Louis-Marie Autissier (8 February 1772 – 21 September 1830) was a French-born portrait miniature painter in the Netherlands. According to Marjorie E. Wieseman, curator of European painting, at the Cincinnati Art Museum, "Autissier's success as a miniaturist was in large measure due to his talent as a colourist and his meticulous detailing of costumes and accessory." He is considered the founder of the Belgian school of miniature painting in the nineteenth century. Among his most accomplished pupils and followers were Alexandre de Latour (1780–1858), Louis Henri de Fontenay (1800–after 1852), and Dominique Ducaju (1802–1867). His works are in the collections of the Cincinnati Art Museum, the Nationalmuseum and the Royal Collection.

==Biography==
Born in Vannes, in Brittany, Autissier studied art under Vautrin at the École nationale supérieure des Beaux-Arts. He joined the French Revolutionary army at Rennes in 1791. Serving as secretary to the local commander, his skill as a draftsman was quickly recognised. On leaving the army in 1795, Autissier went to Paris and furthered his training by studying paintings at the Louvre.

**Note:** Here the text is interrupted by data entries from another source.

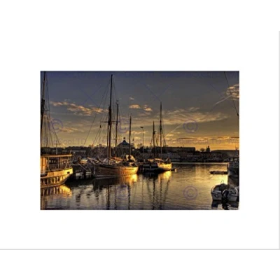 Wee Blue Coo SUNSET BOATS MARINA HARBOUR SEASCAPE BLACK FRAMED ART PRINT PICTURE B12X9178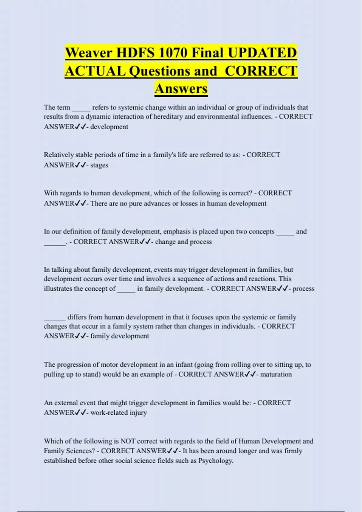 Weaver HDFS 1070 Final UPDATED ACTUAL Questions and CORRECT Answers The term _____ refers to systemic change within an individual or group of individuals that results from a dynamic interaction of hereditary and environmental influences. - CORRECT ANSWER- development Relatively stable periods of time in a family's life are referred to as: - CORRECT ANSWER- stages
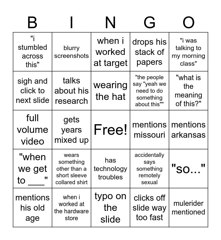 This bingo card has a free space and 39 words: wears plaid, drinks from white waterbottle, ends class early, talks about his research, mentions his old age, has technology troubles, wearing the hat, references "i was shot", "i was talking to my morning class", "when we get to ___", gets years mixed up, drops his stack of papers, mulerider mentioned, mentions arkansas, mentions missouri, wears something other than a short sleeve collared shirt, questionable use of slang, "i stumbled across this", wears a color other than neutral, accidentally says something remotely sexual, sigh and click to next slide, typo on the slide, "the people say "yeah we need to do something about this"", "what is the meaning of this?", email notification full volume, starts class on time, screenshots from twitter, "before technology was advanced", tells a personal story, blurry screenshots, iowa mentioned, german mentioned, when i worked at target, when i worked at the hardware store, clicks off slide way too fast, "if this class was smaller we'd do ___", "so...", full volume video and reference to pop culture.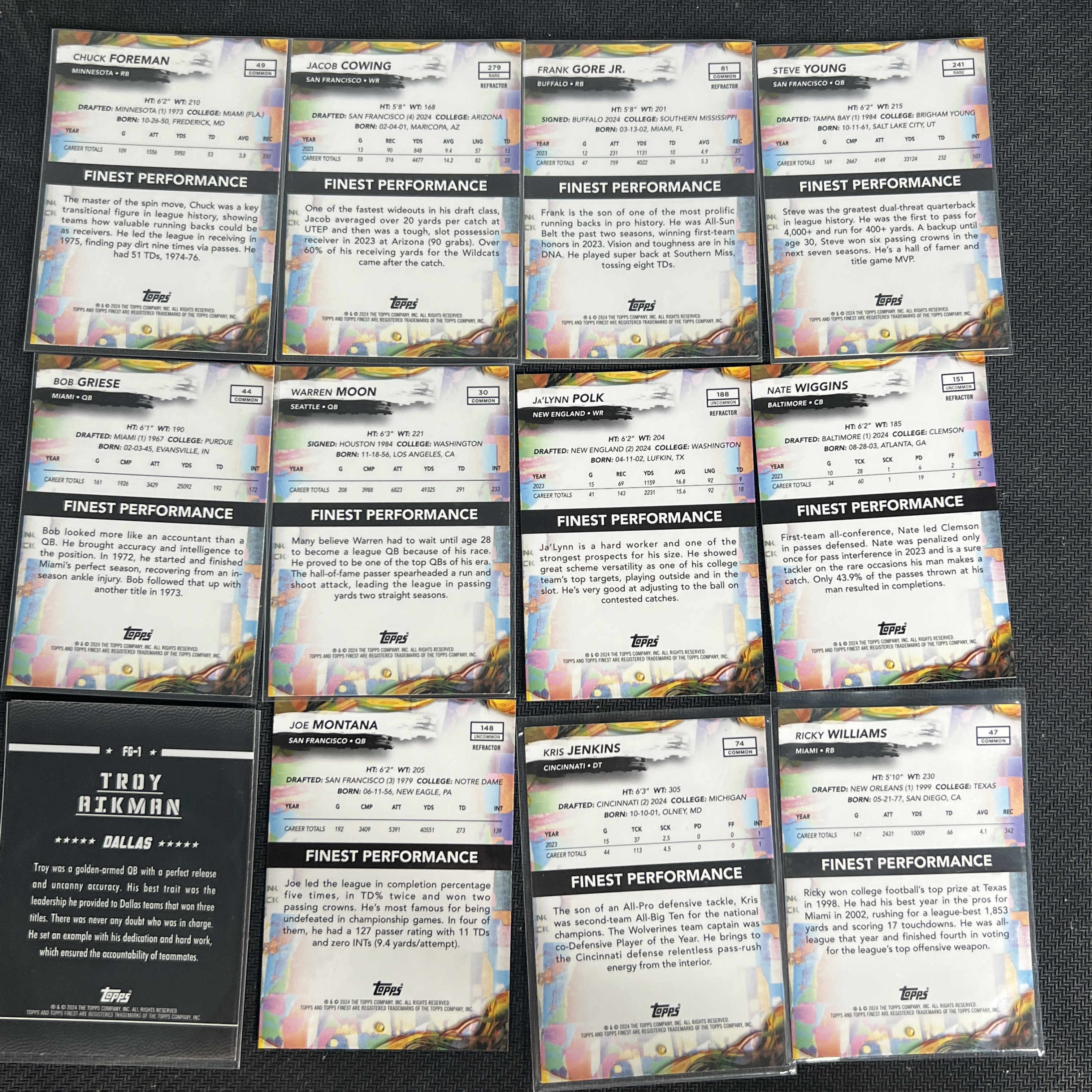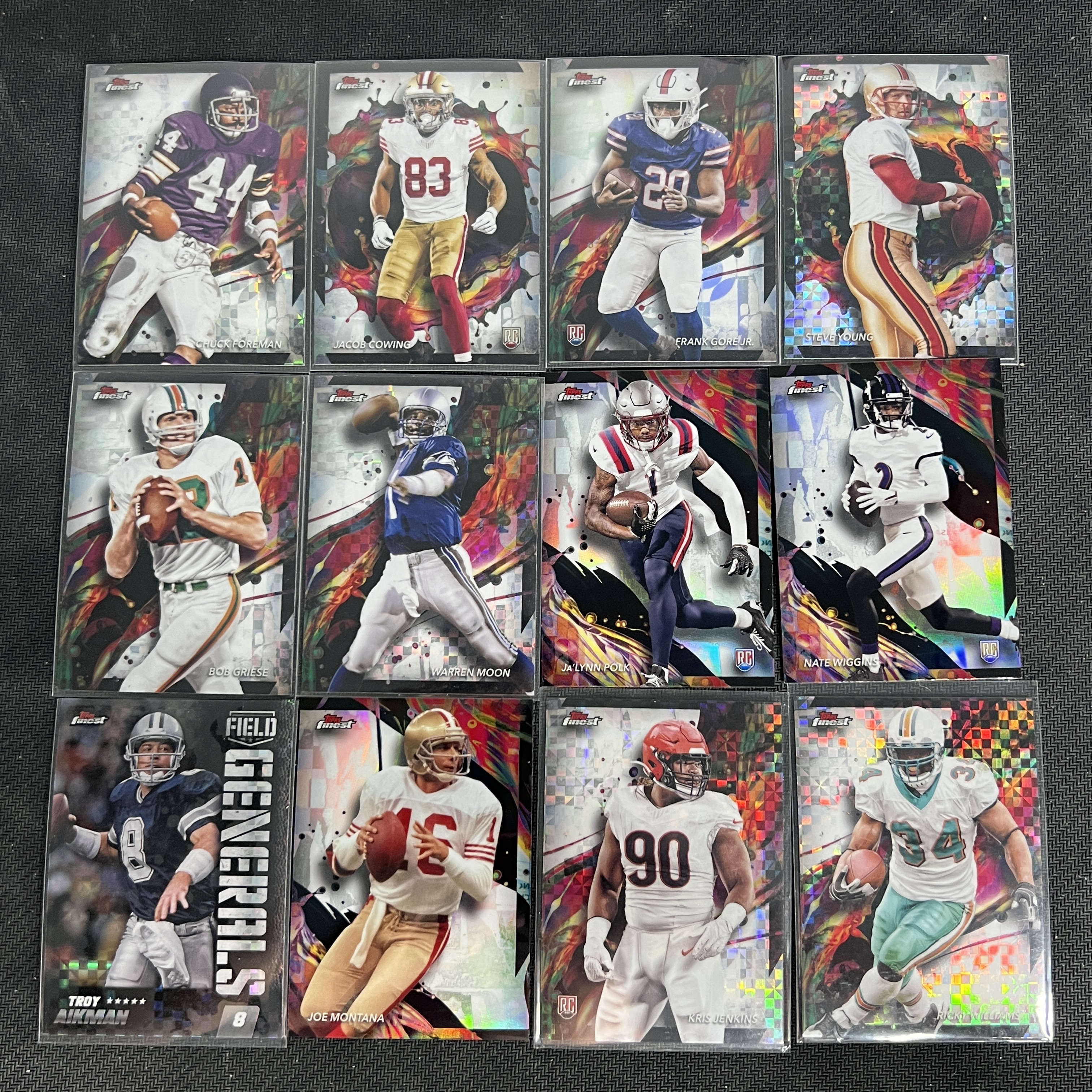 4.卡品如图请看仔细,照片很清楚!请看清楚再拍!折射系列以及马赛克折射系列经常会有一道折射横线 或点状痕 是印刷问题不属于卡品残次范畴,介意者请勿拍。厚卡有轻微白边属于正常现象!如无特殊说明均为通行品。IMM,NOIR, 金书,小真金,国宝,等厚卡系列卡品一般,边角经常有小问题介意勿拍!老卡有白边白角属于正常卡品,镜面卡签字经常有横条竖条印刷划痕属于正常通行品相!评级卡砖上的划痕和破损以及评级砖内的卡有卡品问题一律不属于品相问题

In 1796, he settled in Brussels, there he devoted himself to miniature painting, and became famous for his portraits.

The following years of his life were divided between Belgium, the Netherlands, and France. He exhibited works regularly at Salons in Brussels, Ghent, Antwerp, Amsterdam, and Paris; and was much employed in painting miniature portraits of the sovereigns, nobility, and celebrities of Belgium and the Netherlands. In 1806, after the Revolution, and the forming of the First French Empire he was named court painter to Louis Bonaparte, French King of the Netherlands from 1806 to 1810; and in 1815, court painter to Willem I, king of the Netherlands.

At the same time, the artist assumed the first names of his father; from 1801 to 1820 he exhibited under the name Jean François. Returning to Brussels in 1809, Autisier painted a portrait of the duke of Wellington in 1817 and, later in Paris, King Louis XVIII and members of the royal family. Apart from portraits, Autissier occasionally executed historical scenes in miniature – a rare subject matter in this genre.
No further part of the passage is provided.